AI Models Tested on Dungeons & Dragons to Assess Long-Term Decision-Making
Artificial intelligence is rapidly evolving beyond simple tasks like answering questions or writing texts. Now, AI researchers are exploring innovative ways to assess complex cognitive skills, such as long-term planning, strategic decision-making, and adaptive reasoning. One of the most novel testing grounds emerging in this field is the popular tabletop role-playing game Dungeons & Dragons — offering a rich, dynamic environment where AI models must think ahead, navigate rules, and collaborate with players in extended adventures.
The rise of AI applications in real-world autonomous systems — from robotics to digital assistants — necessitates benchmarks that push models beyond short-term tasks. Traditional benchmarks often test performance on isolated queries or immediate reasoning steps.
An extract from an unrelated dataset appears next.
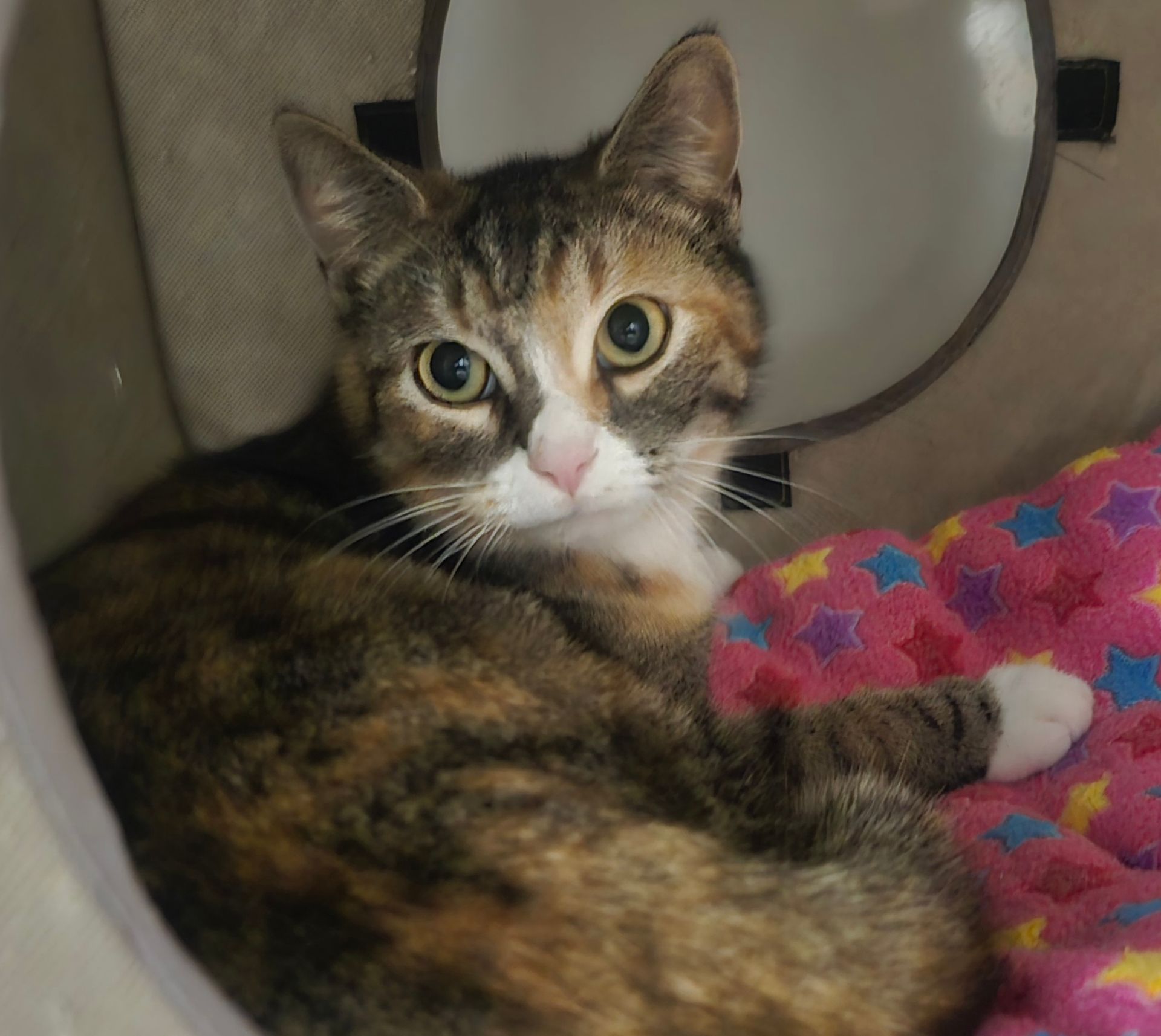 When a kind person found me alone as a kitten, they looked for my mother. But when my mother didn't show up, they knew I needed help. They got me to a foster home for The Rescue House, where I was able to get the care I needed to thrive. And now I'm healthy and happy. It took me next to no time to start exploring things when I arrived. I'm a little cautious with other cats even though I like them. Give me time, though, and I become friends with them. Come see me interact with both other cats and people. It will make you smile!

However, tasks requiring sustained strategy, resource tracking, and coordinated team interaction remain challenging for many AI systems. To address this gap, researchers have turned to Dungeons & Dragons as an imaginative and robust framework for evaluating AI models’ long-term decision-making capabilities.
Why Dungeons & Dragons Is a Unique AI Testing Ground
Dungeons & Dragons (D&D) isn’t just a game — it’s a complex narrative experience where players interact with an evolving world driven by rules, choices, risks, and rewards. In a typical campaign, adventurers make decisions that influence future scenarios, manage limited resources, and react to unpredictable outcomes — elements that closely mirror real-world strategic challenges.
Researchers at the University of California San Diego found that this complexity makes D&D an ideal testing ground for evaluating AI models designed to operate autonomously over long periods. The extended nature of D&D gameplay forces agents to plan multiple steps ahead, maintain internal state over time, and work with or against other agents — tasks that standard benchmarks often fail to test.
For instance, a D&D session can involve tracking character abilities, health, items, and evolving storylines across many turns or sessions. This requires not only understanding immediate game mechanics but also anticipating future outcomes and adjusting strategies accordingly — making it a perfect environment to test long-term reasoning and AI models’ capacities.
How Researchers Designed the AI D&D Experiments
To test AI models in this setting, the research team created a simulation where multiple language models played D&D scenarios — both cooperatively and competitively. These simulations required the models not just to generate text, but to interact with an external game engine that enforced the rules of Dungeons & Dragons. This approach minimized hallucinations and ensured that actions taken by the AI were grounded in game logic.
In these experiments, each AI model had to interpret the state of the game, make decisions, and carry out actions, whether taking on the role of a player character or controlling monsters. Researchers set up battle scenarios drawn from well-known D&D encounters like Goblin Ambush and Cragmaw Hideout, where strategic planning and tactical decisions were essential for success.
Importantly, the models were also evaluated on how well they could stay “in character,” interpret the narrative context, and communicate actions and intentions in ways that fit the role-playing scenario. This dynamic interplay between narrative understanding and strategic execution is a critical aspect of long-term decision-making, which the researchers aimed to capture.
Model Performance: Who Excelled and Who Struggled?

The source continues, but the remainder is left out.